Liputan6.com, Jakarta - Keputusan majelis hakim membebaskan Petrus Bakus, mantan anggota Satuan Intelkam Polres Melawi, Kalimantan Barat yang memutilasi dua anaknya pada Februari lalu mendatangkan kekecewaan mendalam bagi Windri Hairin Yanti.
Istri polisi pemutilasi anak tersebut kemudian mendatangi Kantor Komisi Nasional Perlindungan Anak (Komnas PA) di Jakarta. Windri meminta bantuan agar Mahkamah Agung (MA) mempertimbangkan kembali putusan bebas suaminya itu.
"Komnas Anak bersama Ibu Windri akan meminta kepada Mahkamah Agung untuk mempertimbangkan kembali putusan pengadilan tingkat pertama, yang menyatakan bahwa suami Ibu Windri bebas, karena menderita penyakit jiwa," ucap Ketua Komnas PA Arist Merdeka Sirait di Sekretariat Komnas PA, Jakarta Timur, Kamis (29/12/2016), seperti dilansir Antara.
Arist menilai pihak pengadilan terburu-buru memutuskan menyatakan terdakwa Petrus menderita gangguan jiwa. Karena itu, dia berencana berkomunikasi dengan jaksa penuntut umum (JPU) dan pihak MA pada Januari 2017.
"Kami berkesimpulan bahwa pengadilan terburu-buru memutuskan menyatakan bebas, karena menderita penyakit jiwa. Mungkin awal Januari, kami akan berkomunikasi dengan JPU untuk meminta putusannya ke pengadilan negeri. Kami juga (ke MA) akan membawa bukti-bukti baru, kronologinya. Termasuk Bu Windri, akan kami bawa," Arist menambahkan.
Dalam kesempatan itu, Windri mengatakan suaminya tak memiliki gejala masalah kejiwaan apa pun. Hal ini dipertegas dengan keputusan Kapolres Melawi AKBP Cornelis M. Simanjuntak yang pada Januari lalu menaikkan pangkat Petrus Bakus dari briptu menjadi brigadir.
"Bagaimana orang yang dianggap gila oleh hakim bisa merencanakan pembunuhan ini. Bagaimana orang gila bisa merencanakan setelah membunuh anak dan istrinya akan membakar jasad korbannya dengan kayu yang sudah dipersiapkan di belakang rumah," tutur Windri.
Sebelumnya, Majelis Hakim Pengadilan Negeri (PN) Sintang menjatuhkan vonis bebas kepada terdakwa Petrus Bakus, mantan polisi di Polres Melawi yang mutilasi dua anak kandung.

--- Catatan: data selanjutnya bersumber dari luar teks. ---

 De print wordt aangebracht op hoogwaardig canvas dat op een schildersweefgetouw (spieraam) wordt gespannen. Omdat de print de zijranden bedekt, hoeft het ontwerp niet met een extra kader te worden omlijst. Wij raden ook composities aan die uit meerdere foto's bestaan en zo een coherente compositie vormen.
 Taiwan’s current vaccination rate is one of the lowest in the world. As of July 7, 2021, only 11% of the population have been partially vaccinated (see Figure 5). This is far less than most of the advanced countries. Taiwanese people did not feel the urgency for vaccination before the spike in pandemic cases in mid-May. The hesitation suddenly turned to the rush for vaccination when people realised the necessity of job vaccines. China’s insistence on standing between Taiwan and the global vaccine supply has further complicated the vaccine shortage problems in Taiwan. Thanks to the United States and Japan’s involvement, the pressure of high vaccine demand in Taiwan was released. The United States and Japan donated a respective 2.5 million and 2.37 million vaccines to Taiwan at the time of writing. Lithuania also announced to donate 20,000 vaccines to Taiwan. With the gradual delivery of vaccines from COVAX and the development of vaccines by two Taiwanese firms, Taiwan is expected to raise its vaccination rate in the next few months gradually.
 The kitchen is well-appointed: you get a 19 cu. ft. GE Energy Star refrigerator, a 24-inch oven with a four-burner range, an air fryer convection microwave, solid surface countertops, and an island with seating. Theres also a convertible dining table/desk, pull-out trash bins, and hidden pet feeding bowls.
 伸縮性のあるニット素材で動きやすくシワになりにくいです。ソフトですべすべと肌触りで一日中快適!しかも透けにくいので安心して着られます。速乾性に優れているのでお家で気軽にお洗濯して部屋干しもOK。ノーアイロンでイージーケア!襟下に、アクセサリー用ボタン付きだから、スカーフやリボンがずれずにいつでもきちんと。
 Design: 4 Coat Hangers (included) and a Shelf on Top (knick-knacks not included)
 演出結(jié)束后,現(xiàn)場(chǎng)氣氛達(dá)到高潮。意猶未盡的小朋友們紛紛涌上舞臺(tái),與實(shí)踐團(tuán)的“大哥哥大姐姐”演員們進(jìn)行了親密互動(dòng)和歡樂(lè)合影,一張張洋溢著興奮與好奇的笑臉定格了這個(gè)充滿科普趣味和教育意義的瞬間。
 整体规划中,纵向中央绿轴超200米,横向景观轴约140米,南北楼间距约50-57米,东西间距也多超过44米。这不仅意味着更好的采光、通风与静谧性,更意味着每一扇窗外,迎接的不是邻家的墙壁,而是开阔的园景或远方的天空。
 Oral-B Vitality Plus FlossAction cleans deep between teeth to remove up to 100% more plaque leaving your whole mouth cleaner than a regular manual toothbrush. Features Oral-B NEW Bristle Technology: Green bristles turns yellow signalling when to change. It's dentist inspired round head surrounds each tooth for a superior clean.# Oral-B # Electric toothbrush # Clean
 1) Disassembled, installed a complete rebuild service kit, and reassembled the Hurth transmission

Dalam sidang putusan akhir di Pengadilan Negeri (PN) Sintang pada Kamis, 1 Desember 2016, ketua majelis hakim mengatakan, sesuai ketentuan Pasal 44 KUHP, terdakwa Petrus Bakus tidak dapat dijatuhi pidana. Terdakwa lepas dari segala tuntutan hukum lantaran dianggap sakit jiwa atau gila.